=== Section Start ===

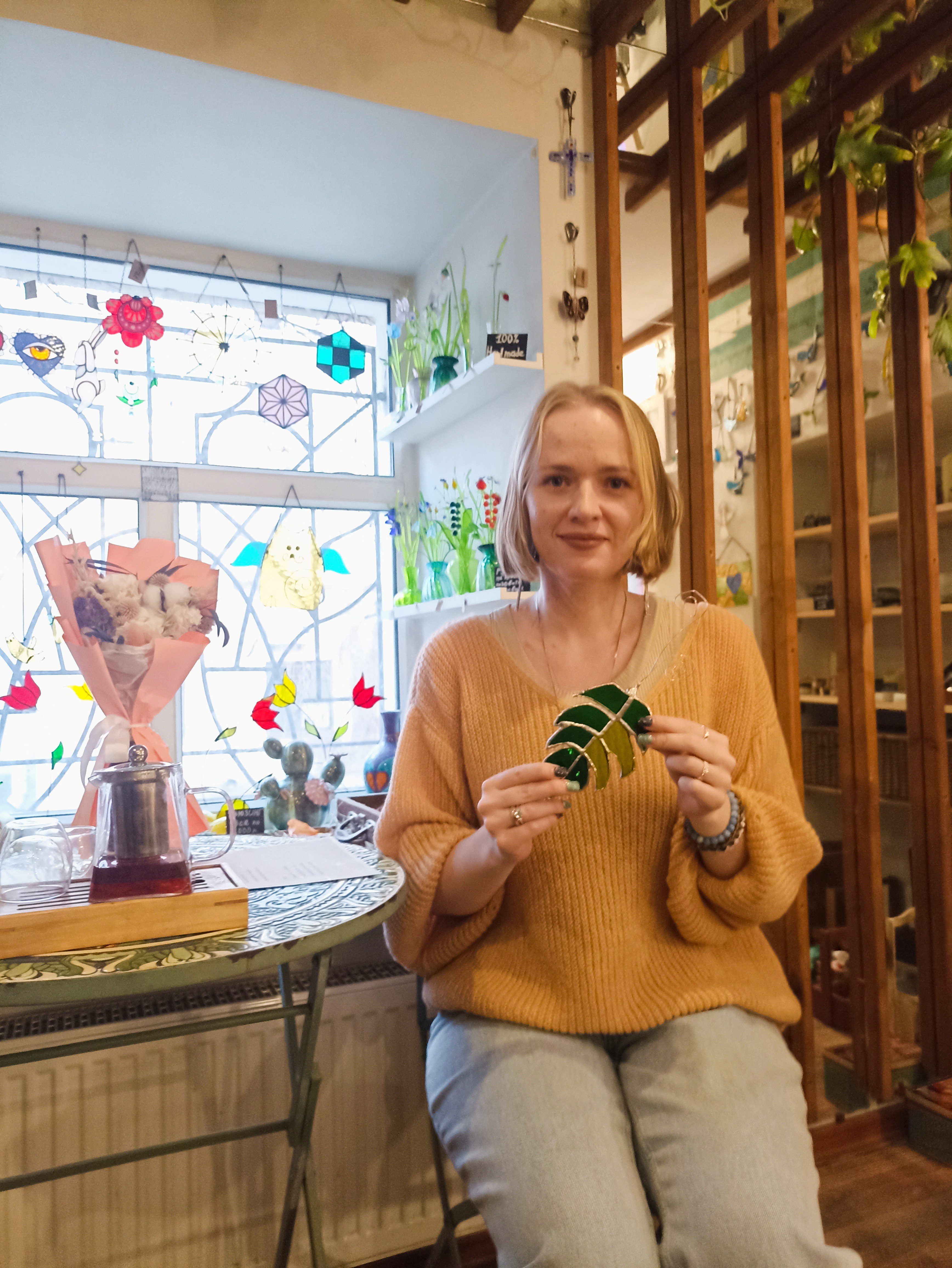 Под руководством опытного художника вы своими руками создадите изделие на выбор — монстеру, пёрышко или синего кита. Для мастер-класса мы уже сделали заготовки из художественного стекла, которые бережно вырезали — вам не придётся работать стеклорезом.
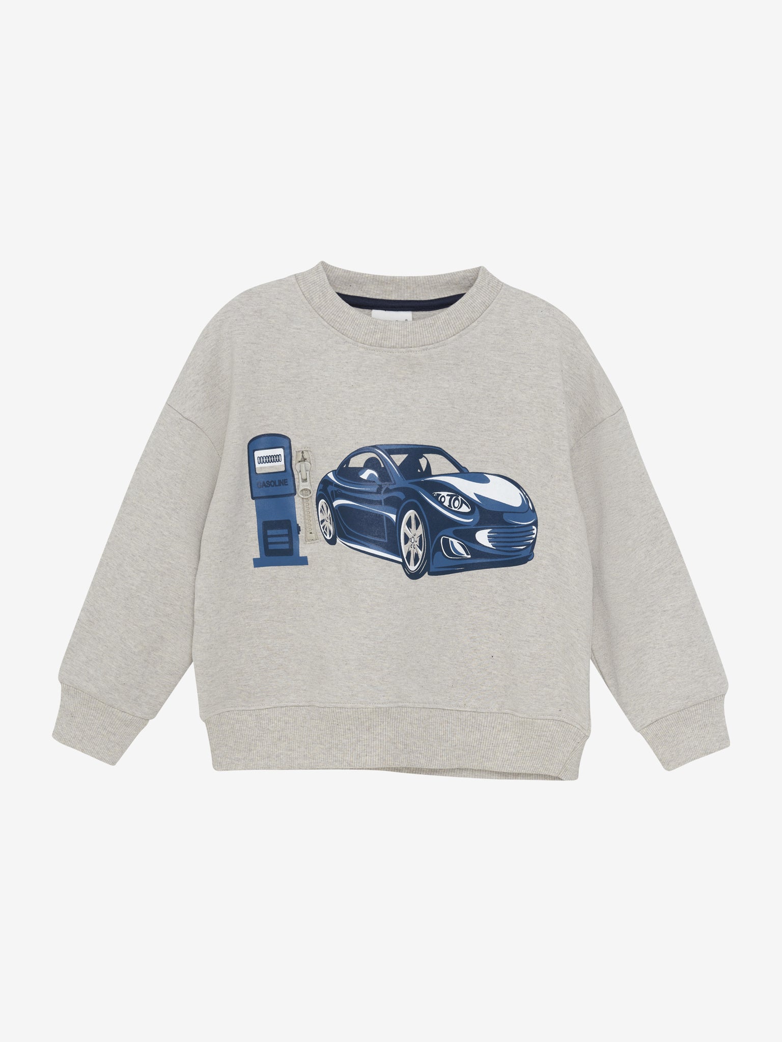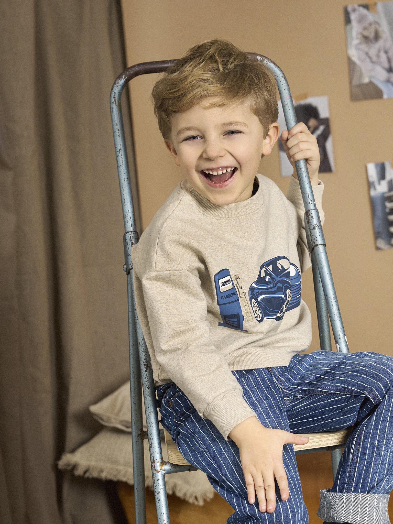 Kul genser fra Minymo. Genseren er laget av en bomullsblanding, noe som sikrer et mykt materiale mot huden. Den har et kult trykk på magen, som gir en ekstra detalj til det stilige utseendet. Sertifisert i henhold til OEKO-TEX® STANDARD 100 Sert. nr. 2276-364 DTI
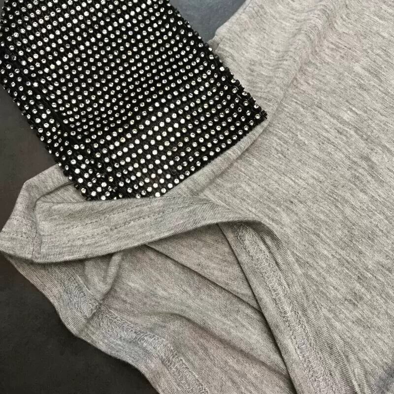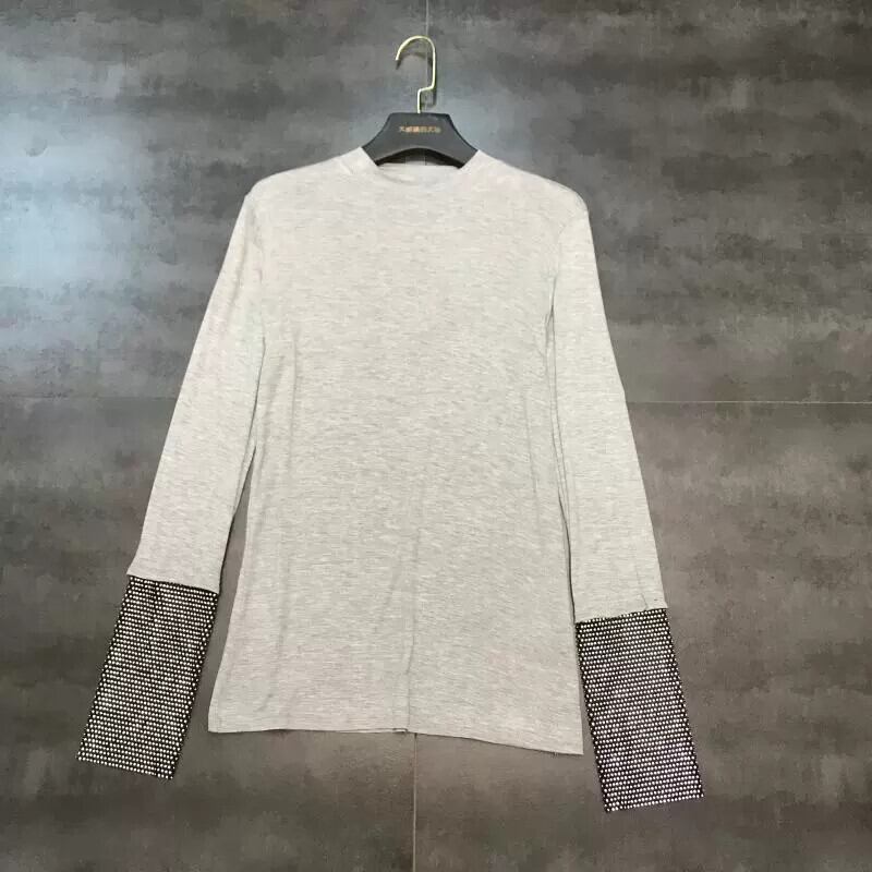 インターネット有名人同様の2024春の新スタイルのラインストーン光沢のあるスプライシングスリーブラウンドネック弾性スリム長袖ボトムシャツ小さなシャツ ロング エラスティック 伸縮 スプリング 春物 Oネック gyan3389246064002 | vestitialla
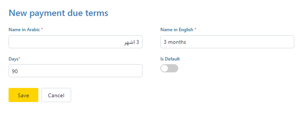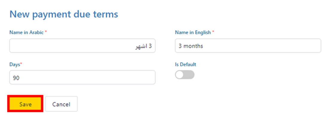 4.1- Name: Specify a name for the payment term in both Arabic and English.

=== Section End ===

## PROBLEM DESCRIPTION
Only the pictures are dropped. Otherwise, write out the listing exactly.

## SOLUTION BELOW
 Под руководством опытного художника вы своими руками создадите изделие на выбор — монстеру, пёрышко или синего кита. Для мастер-класса мы уже сделали заготовки из художественного стекла, которые бережно вырезали — вам не придётся работать стеклорезом.
 Kul genser fra Minymo. Genseren er laget av en bomullsblanding, noe som sikrer et mykt materiale mot huden. Den har et kult trykk på magen, som gir en ekstra detalj til det stilige utseendet. Sertifisert i henhold til OEKO-TEX® STANDARD 100 Sert. nr. 2276-364 DTI
 インターネット有名人同様の2024春の新スタイルのラインストーン光沢のあるスプライシングスリーブラウンドネック弾性スリム長袖ボトムシャツ小さなシャツ ロング エラスティック 伸縮 スプリング 春物 Oネック gyan3389246064002 | vestitialla
 4.1- Name: Specify a name for the payment term in both Arabic and English.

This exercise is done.